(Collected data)
##########

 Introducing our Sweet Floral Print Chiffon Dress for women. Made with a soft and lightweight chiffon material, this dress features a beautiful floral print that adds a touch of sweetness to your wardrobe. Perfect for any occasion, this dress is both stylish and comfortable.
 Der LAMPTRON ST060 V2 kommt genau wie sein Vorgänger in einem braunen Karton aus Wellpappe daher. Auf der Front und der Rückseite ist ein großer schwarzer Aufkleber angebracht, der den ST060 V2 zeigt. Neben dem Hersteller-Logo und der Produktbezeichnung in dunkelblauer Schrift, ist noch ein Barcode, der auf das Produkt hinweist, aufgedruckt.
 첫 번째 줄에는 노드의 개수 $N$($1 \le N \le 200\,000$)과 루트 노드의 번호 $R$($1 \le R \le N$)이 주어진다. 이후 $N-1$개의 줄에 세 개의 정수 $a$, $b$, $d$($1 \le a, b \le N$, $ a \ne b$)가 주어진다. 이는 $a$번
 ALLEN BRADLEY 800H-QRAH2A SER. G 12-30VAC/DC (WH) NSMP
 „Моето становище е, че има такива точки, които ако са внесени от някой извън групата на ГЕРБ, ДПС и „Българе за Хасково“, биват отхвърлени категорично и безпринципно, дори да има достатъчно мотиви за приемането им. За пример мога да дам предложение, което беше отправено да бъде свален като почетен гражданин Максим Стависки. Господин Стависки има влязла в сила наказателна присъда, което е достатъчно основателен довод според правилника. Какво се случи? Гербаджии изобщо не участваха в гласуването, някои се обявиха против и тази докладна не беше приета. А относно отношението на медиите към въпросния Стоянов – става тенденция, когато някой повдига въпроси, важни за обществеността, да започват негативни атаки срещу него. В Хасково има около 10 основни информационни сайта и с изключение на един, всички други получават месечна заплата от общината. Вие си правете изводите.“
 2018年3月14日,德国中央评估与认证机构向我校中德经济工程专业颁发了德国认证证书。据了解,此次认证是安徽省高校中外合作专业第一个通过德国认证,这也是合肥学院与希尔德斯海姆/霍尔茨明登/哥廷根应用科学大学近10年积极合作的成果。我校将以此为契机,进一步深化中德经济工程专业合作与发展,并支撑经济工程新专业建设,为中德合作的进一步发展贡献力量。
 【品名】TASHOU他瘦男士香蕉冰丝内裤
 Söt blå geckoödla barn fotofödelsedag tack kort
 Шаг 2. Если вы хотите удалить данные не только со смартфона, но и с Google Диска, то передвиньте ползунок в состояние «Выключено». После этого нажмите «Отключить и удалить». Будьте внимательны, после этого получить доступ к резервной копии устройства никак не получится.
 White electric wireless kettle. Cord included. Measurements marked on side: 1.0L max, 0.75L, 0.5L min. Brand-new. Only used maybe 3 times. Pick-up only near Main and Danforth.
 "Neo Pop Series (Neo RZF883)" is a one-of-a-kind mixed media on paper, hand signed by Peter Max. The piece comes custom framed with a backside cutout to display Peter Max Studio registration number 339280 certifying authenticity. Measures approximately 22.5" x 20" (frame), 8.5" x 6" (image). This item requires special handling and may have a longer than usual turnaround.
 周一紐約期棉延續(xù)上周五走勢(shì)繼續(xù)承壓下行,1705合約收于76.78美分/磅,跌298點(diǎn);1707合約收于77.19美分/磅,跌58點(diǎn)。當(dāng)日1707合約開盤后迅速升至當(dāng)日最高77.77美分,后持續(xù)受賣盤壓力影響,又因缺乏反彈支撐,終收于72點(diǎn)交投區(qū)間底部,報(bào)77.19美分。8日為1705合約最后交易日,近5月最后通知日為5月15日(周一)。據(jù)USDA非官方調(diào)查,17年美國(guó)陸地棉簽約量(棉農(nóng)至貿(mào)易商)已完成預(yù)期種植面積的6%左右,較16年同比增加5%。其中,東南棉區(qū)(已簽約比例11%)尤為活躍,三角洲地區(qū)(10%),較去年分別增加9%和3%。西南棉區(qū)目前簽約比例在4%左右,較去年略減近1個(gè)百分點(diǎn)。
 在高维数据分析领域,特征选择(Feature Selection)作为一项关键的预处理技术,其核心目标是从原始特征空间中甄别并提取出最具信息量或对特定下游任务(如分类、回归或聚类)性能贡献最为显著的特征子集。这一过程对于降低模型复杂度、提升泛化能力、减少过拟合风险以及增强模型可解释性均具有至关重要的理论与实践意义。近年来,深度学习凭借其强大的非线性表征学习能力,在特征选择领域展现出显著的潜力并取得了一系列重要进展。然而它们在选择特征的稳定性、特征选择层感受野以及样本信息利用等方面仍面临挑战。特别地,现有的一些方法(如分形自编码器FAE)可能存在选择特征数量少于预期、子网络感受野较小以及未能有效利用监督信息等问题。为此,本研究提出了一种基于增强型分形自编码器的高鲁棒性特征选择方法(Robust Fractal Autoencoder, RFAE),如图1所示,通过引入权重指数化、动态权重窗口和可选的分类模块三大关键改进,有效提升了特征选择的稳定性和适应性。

##########

__Work to complete__.
If a line in the records contains the string "with", copy it out.

__Reply__.
 Introducing our Sweet Floral Print Chiffon Dress for women. Made with a soft and lightweight chiffon material, this dress features a beautiful floral print that adds a touch of sweetness to your wardrobe. Perfect for any occasion, this dress is both stylish and comfortable.
 "Neo Pop Series (Neo RZF883)" is a one-of-a-kind mixed media on paper, hand signed by Peter Max. The piece comes custom framed with a backside cutout to display Peter Max Studio registration number 339280 certifying authenticity. Measures approximately 22.5" x 20" (frame), 8.5" x 6" (image). This item requires special handling and may have a longer than usual turnaround.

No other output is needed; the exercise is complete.